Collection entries
───

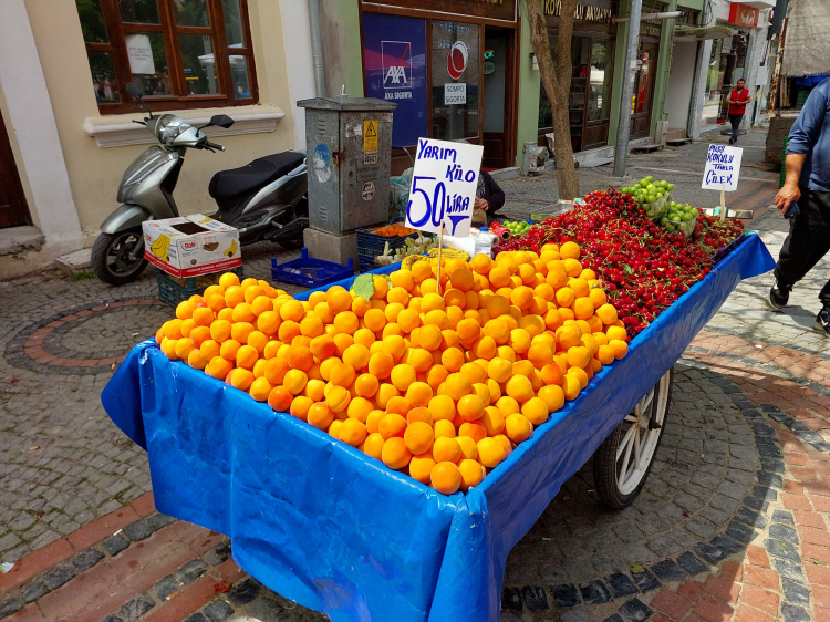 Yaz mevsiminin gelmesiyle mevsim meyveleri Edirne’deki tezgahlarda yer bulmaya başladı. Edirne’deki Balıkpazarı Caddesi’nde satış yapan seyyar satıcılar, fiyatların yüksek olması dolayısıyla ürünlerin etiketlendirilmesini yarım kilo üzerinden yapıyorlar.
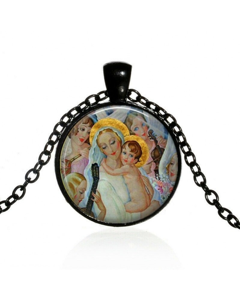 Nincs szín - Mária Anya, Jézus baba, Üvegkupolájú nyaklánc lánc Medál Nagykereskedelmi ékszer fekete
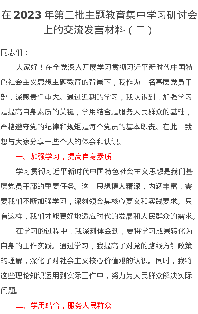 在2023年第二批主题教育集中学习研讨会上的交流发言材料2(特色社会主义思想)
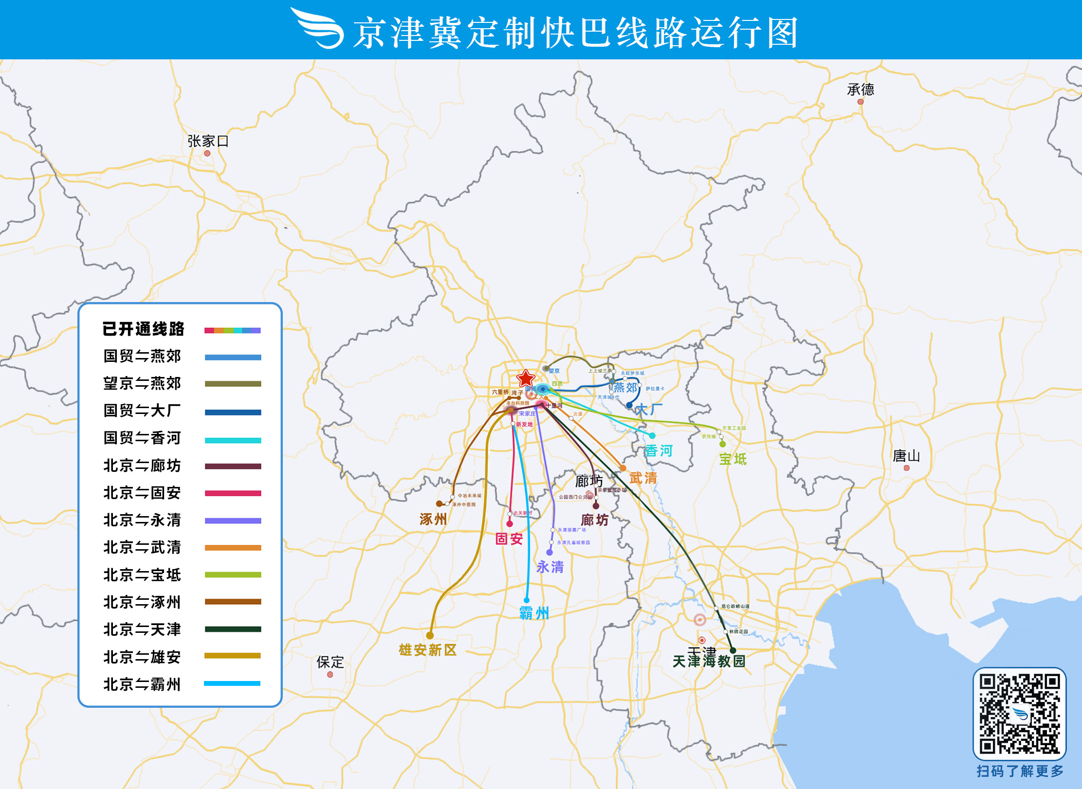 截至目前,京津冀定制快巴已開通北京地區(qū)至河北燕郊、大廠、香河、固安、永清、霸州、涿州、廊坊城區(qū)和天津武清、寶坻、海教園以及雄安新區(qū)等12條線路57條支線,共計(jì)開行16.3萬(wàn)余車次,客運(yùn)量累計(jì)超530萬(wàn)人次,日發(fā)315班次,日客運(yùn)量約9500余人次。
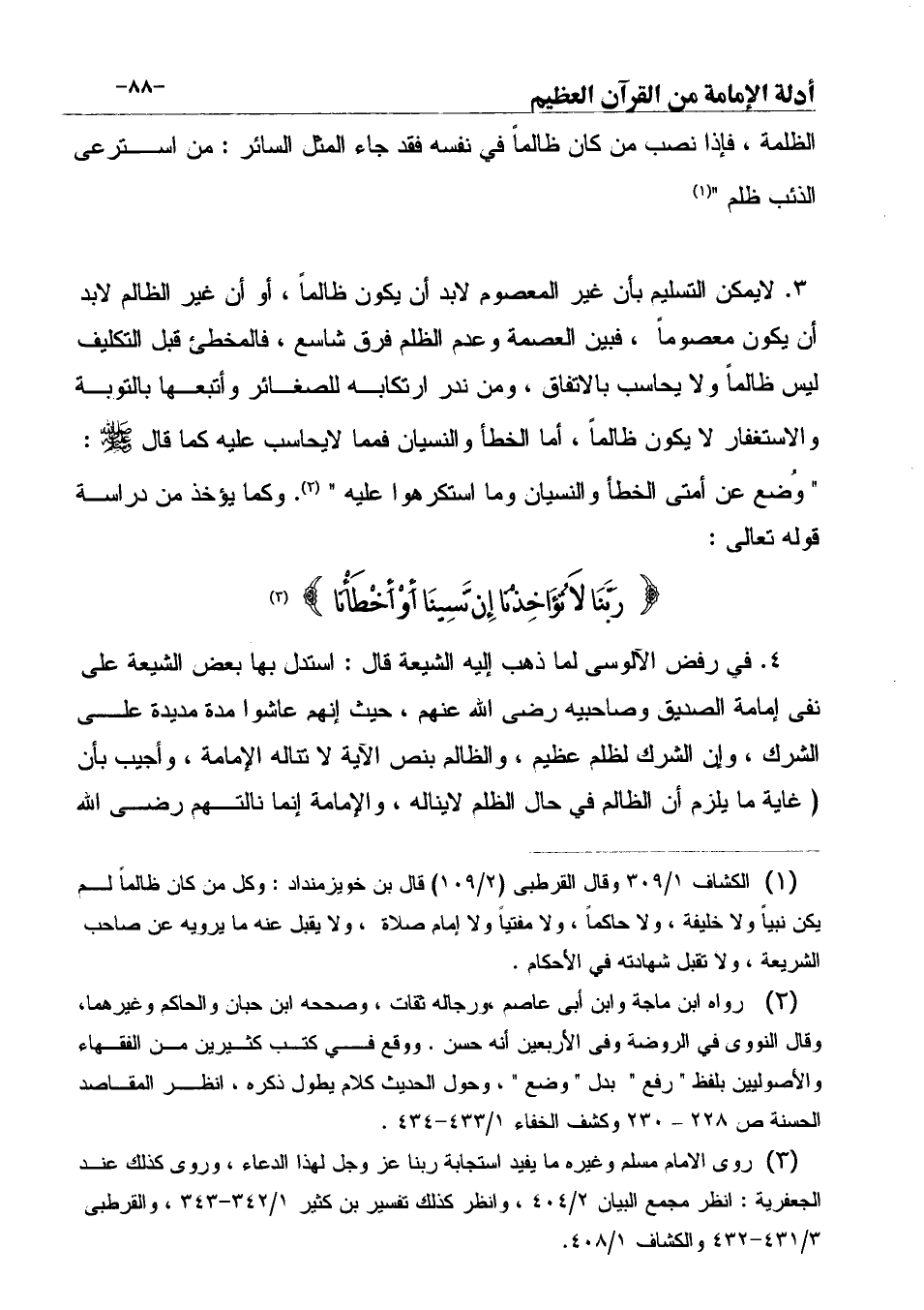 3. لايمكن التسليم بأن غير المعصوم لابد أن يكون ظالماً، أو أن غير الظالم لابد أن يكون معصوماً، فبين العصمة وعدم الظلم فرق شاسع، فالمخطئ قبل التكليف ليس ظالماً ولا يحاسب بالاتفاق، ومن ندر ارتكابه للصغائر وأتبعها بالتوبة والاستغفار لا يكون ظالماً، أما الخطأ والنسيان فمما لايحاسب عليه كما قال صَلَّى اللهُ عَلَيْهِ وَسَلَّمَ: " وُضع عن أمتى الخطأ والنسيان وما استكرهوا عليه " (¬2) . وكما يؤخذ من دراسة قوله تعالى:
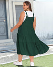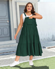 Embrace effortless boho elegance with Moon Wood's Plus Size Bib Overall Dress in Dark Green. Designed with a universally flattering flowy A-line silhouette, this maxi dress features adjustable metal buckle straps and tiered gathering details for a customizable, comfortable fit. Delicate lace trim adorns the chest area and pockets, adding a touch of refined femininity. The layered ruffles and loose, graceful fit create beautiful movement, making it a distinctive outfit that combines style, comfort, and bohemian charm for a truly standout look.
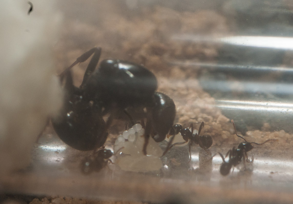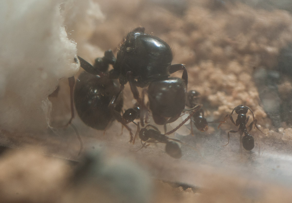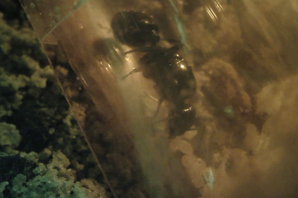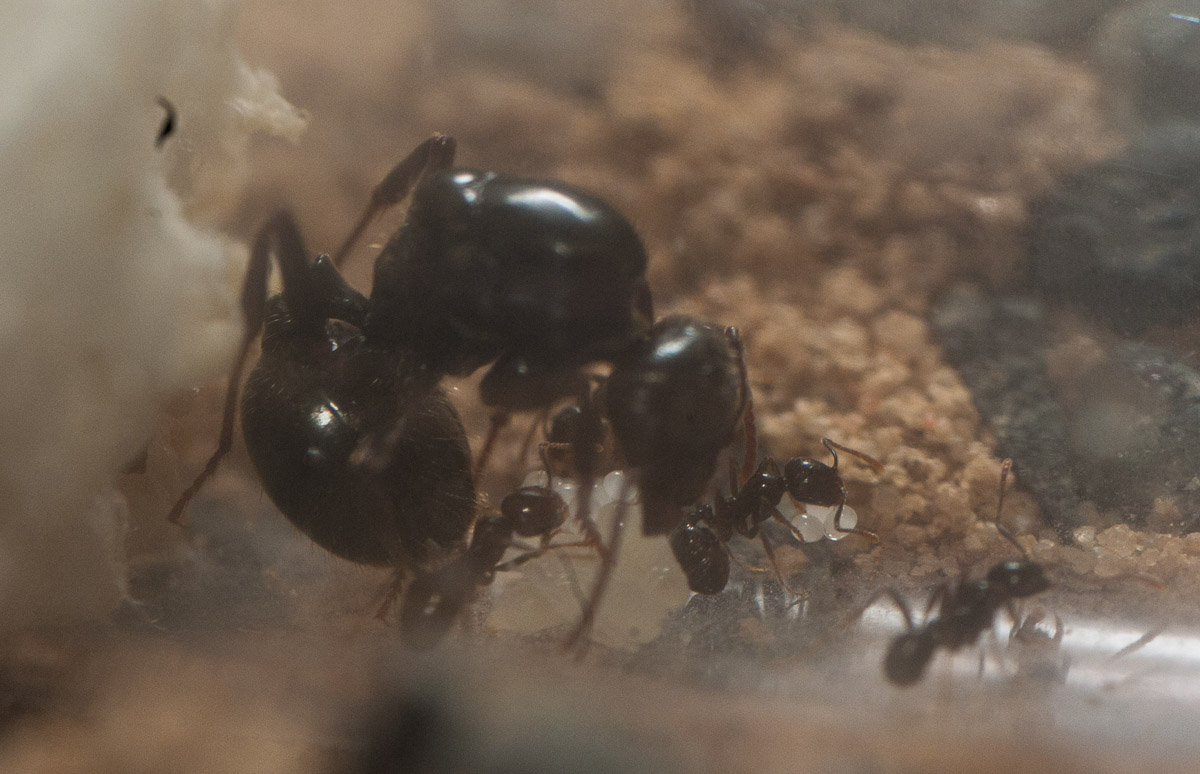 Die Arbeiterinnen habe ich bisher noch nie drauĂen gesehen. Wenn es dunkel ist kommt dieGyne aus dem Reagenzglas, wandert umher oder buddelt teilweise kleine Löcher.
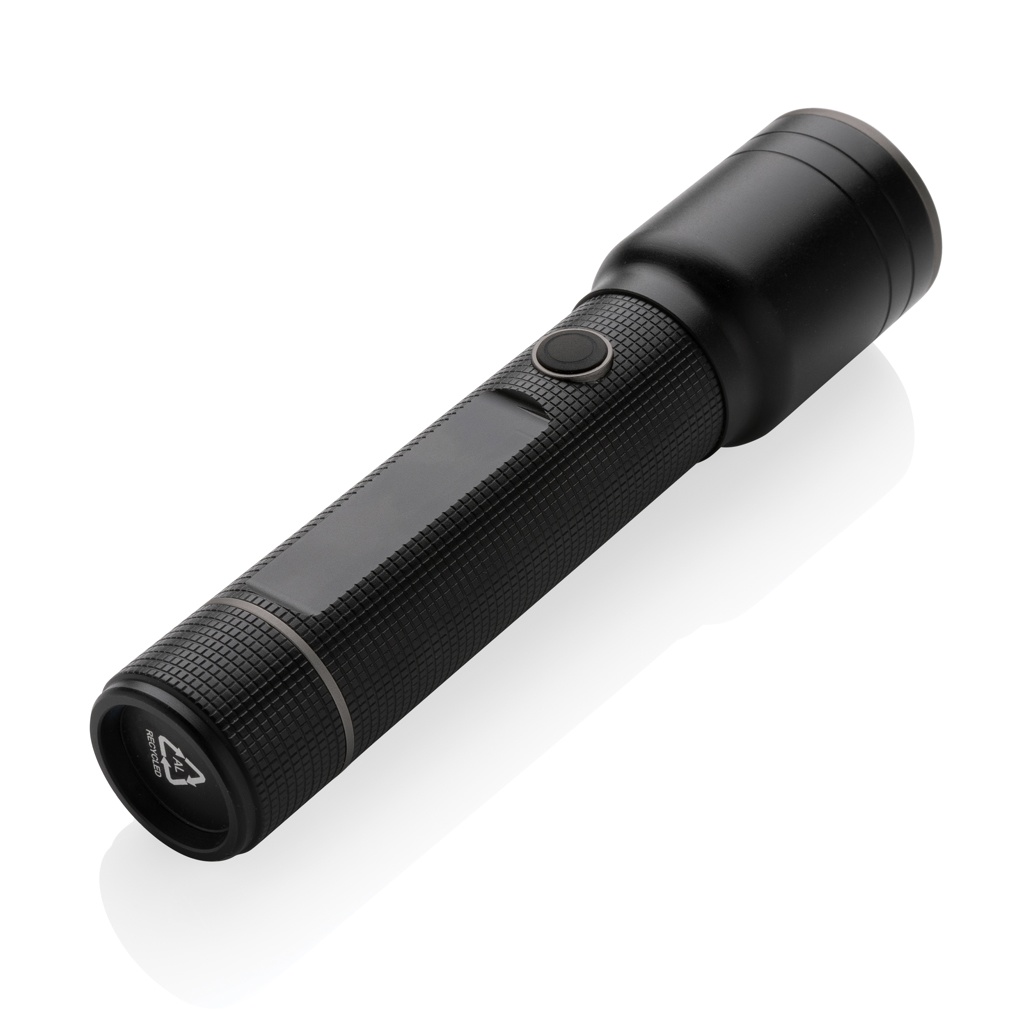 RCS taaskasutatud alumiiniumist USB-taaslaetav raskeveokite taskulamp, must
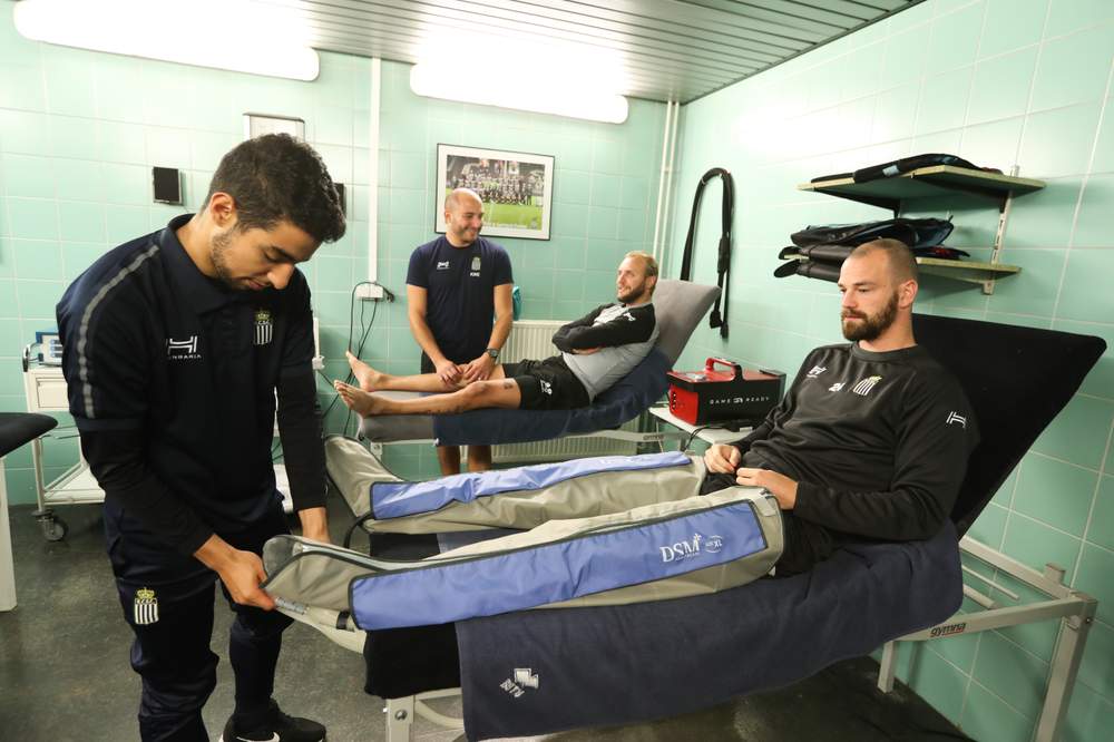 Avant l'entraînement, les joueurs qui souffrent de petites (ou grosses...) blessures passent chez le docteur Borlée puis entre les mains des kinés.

───

All of the lines above must be repeated without alteration, though the pictures are to be excluded.

 Yaz mevsiminin gelmesiyle mevsim meyveleri Edirne’deki tezgahlarda yer bulmaya başladı. Edirne’deki Balıkpazarı Caddesi’nde satış yapan seyyar satıcılar, fiyatların yüksek olması dolayısıyla ürünlerin etiketlendirilmesini yarım kilo üzerinden yapıyorlar.
 Nincs szín - Mária Anya, Jézus baba, Üvegkupolájú nyaklánc lánc Medál Nagykereskedelmi ékszer fekete
 在2023年第二批主题教育集中学习研讨会上的交流发言材料2(特色社会主义思想)
 截至目前,京津冀定制快巴已開通北京地區(qū)至河北燕郊、大廠、香河、固安、永清、霸州、涿州、廊坊城區(qū)和天津武清、寶坻、海教園以及雄安新區(qū)等12條線路57條支線,共計(jì)開行16.3萬(wàn)余車次,客運(yùn)量累計(jì)超530萬(wàn)人次,日發(fā)315班次,日客運(yùn)量約9500余人次。
 3. لايمكن التسليم بأن غير المعصوم لابد أن يكون ظالماً، أو أن غير الظالم لابد أن يكون معصوماً، فبين العصمة وعدم الظلم فرق شاسع، فالمخطئ قبل التكليف ليس ظالماً ولا يحاسب بالاتفاق، ومن ندر ارتكابه للصغائر وأتبعها بالتوبة والاستغفار لا يكون ظالماً، أما الخطأ والنسيان فمما لايحاسب عليه كما قال صَلَّى اللهُ عَلَيْهِ وَسَلَّمَ: " وُضع عن أمتى الخطأ والنسيان وما استكرهوا عليه " (¬2) . وكما يؤخذ من دراسة قوله تعالى:
 Embrace effortless boho elegance with Moon Wood's Plus Size Bib Overall Dress in Dark Green. Designed with a universally flattering flowy A-line silhouette, this maxi dress features adjustable metal buckle straps and tiered gathering details for a customizable, comfortable fit. Delicate lace trim adorns the chest area and pockets, adding a touch of refined femininity. The layered ruffles and loose, graceful fit create beautiful movement, making it a distinctive outfit that combines style, comfort, and bohemian charm for a truly standout look.
 Die Arbeiterinnen habe ich bisher noch nie drauĂen gesehen. Wenn es dunkel ist kommt dieGyne aus dem Reagenzglas, wandert umher oder buddelt teilweise kleine Löcher.
 RCS taaskasutatud alumiiniumist USB-taaslaetav raskeveokite taskulamp, must
 Avant l'entraînement, les joueurs qui souffrent de petites (ou grosses...) blessures passent chez le docteur Borlée puis entre les mains des kinés.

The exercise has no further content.